(DATA FOR THE TASK Opens)

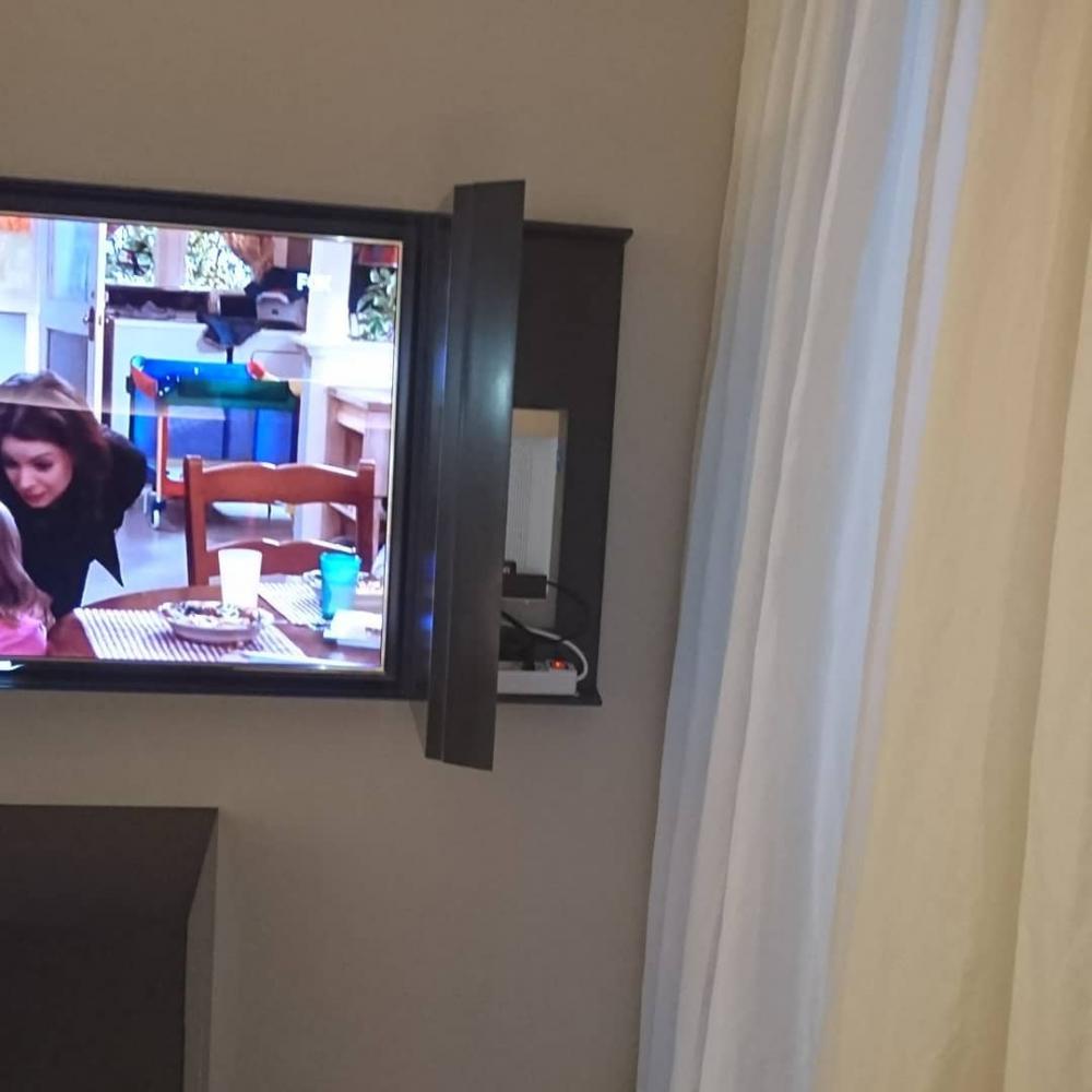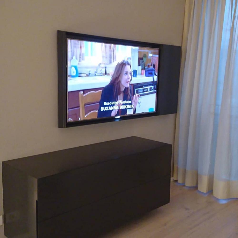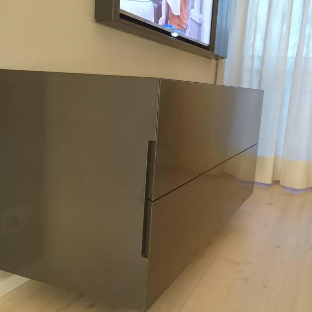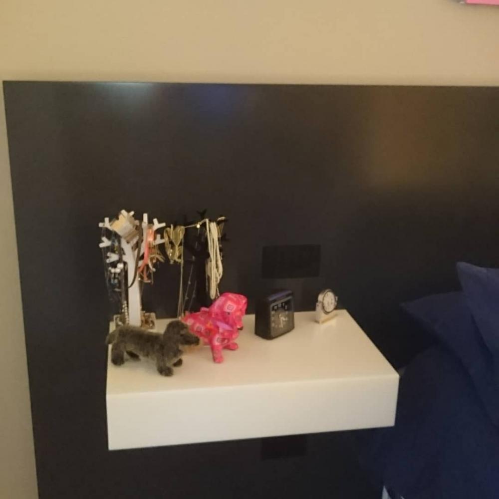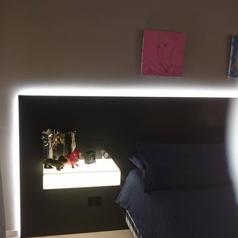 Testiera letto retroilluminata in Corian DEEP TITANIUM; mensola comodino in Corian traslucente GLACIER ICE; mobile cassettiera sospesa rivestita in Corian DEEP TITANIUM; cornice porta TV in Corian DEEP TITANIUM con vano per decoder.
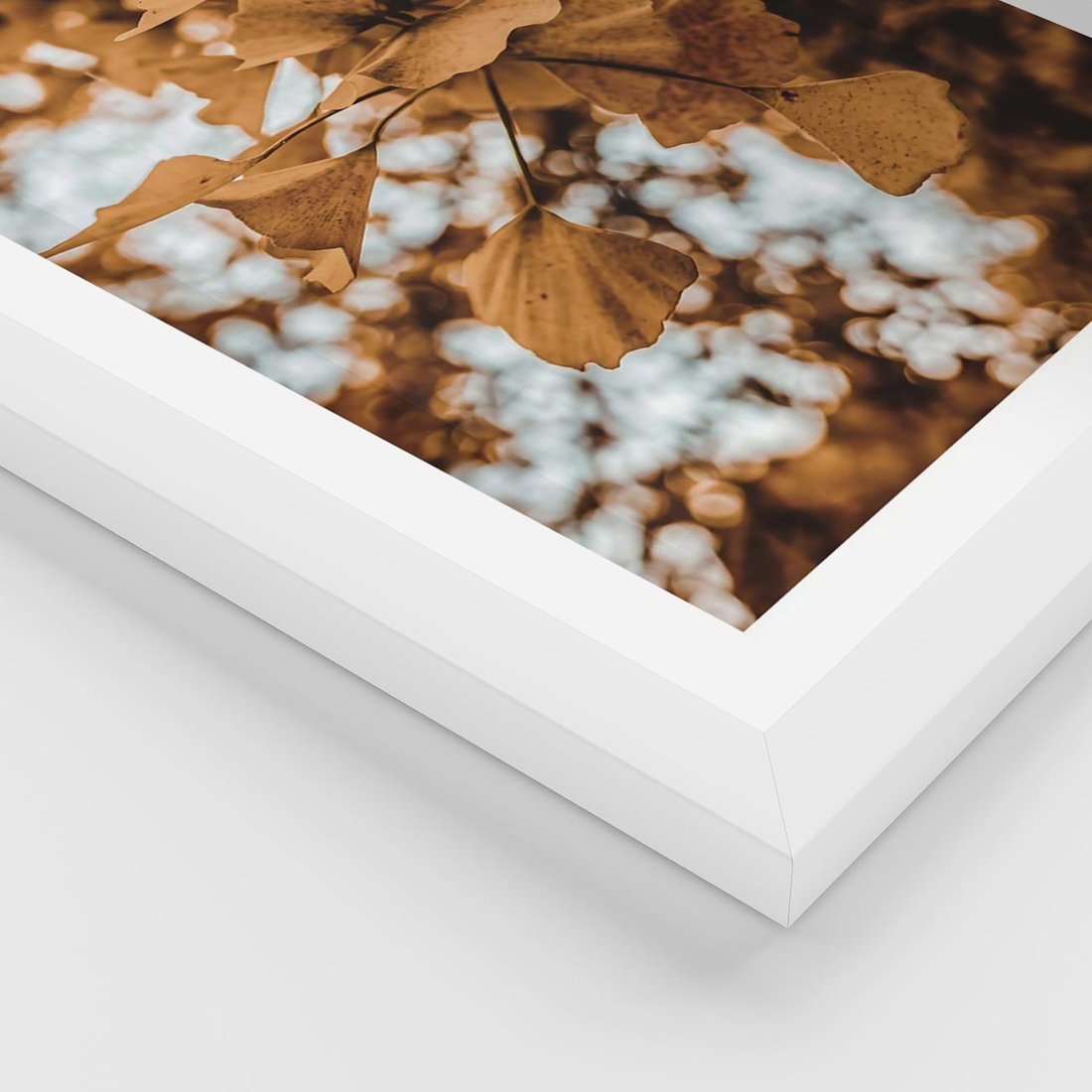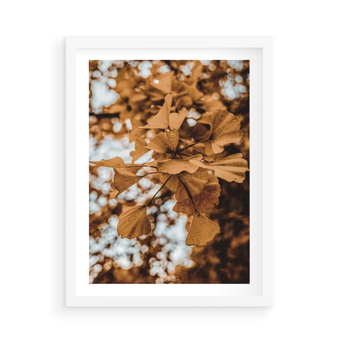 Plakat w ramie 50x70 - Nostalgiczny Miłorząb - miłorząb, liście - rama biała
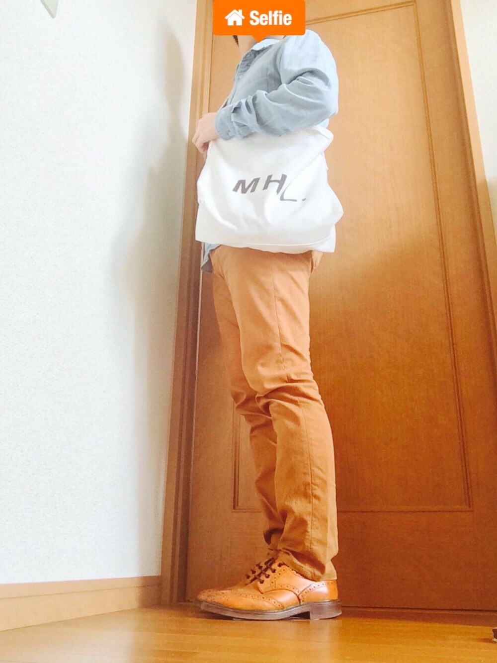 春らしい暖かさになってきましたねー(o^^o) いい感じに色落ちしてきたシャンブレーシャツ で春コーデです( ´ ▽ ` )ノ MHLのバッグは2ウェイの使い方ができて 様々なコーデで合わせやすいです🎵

(DATA FOR THE TASK Closes)
(DATA FOR THE TASK Opens)

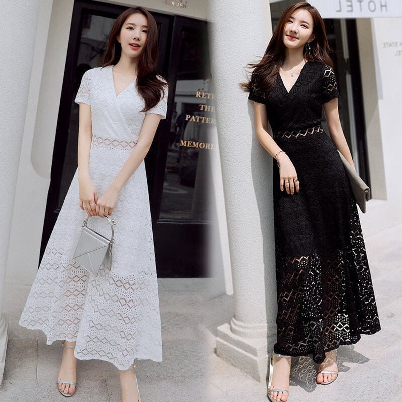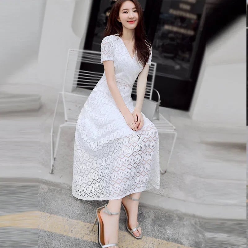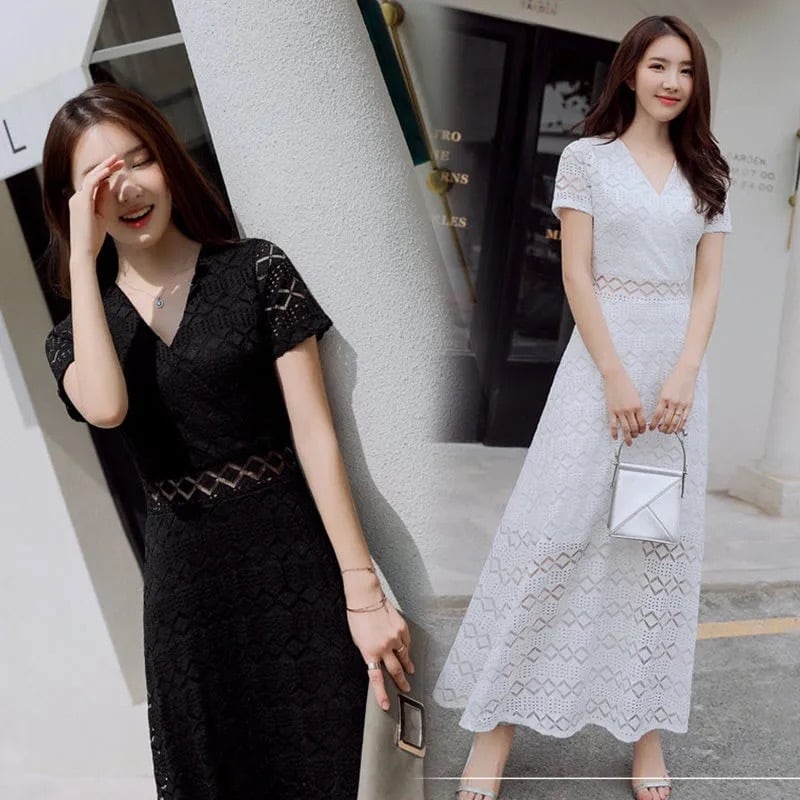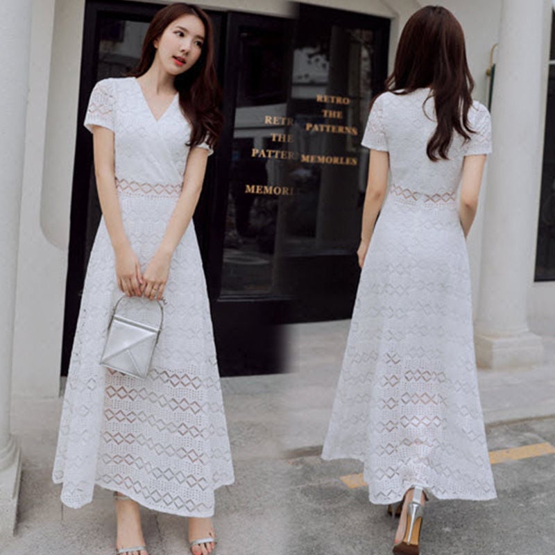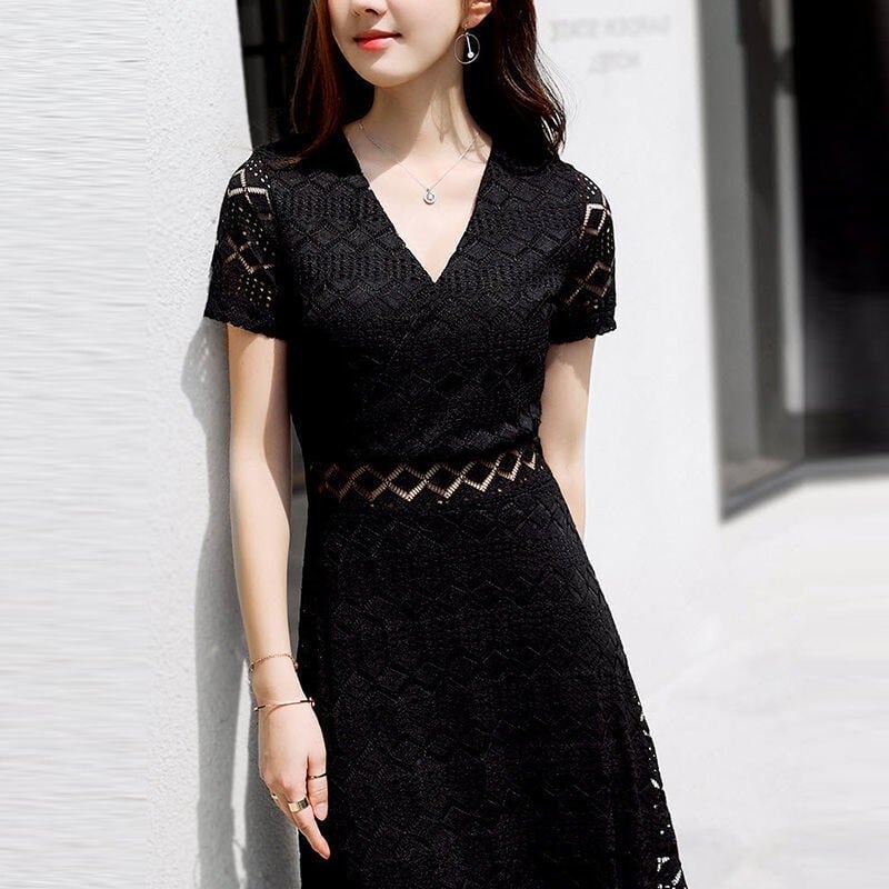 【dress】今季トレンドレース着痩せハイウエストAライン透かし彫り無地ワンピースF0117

(DATA FOR THE TASK Closes)

## [WORK TO COMPLETE]
With the pictures left out, write out exactly the lines above from the one containing "Plakat w ramie" through the one containing "春らしい暖かさになってきましたねー(o^^o) いい感じに色落ちしてきたシャンブレーシャツ で春コーデです( ´".

## [REPLY]
 Plakat w ramie 50x70 - Nostalgiczny Miłorząb - miłorząb, liście - rama biała
 春らしい暖かさになってきましたねー(o^^o) いい感じに色落ちしてきたシャンブレーシャツ で春コーデです( ´ ▽ ` )ノ MHLのバッグは2ウェイの使い方ができて 様々なコーデで合わせやすいです🎵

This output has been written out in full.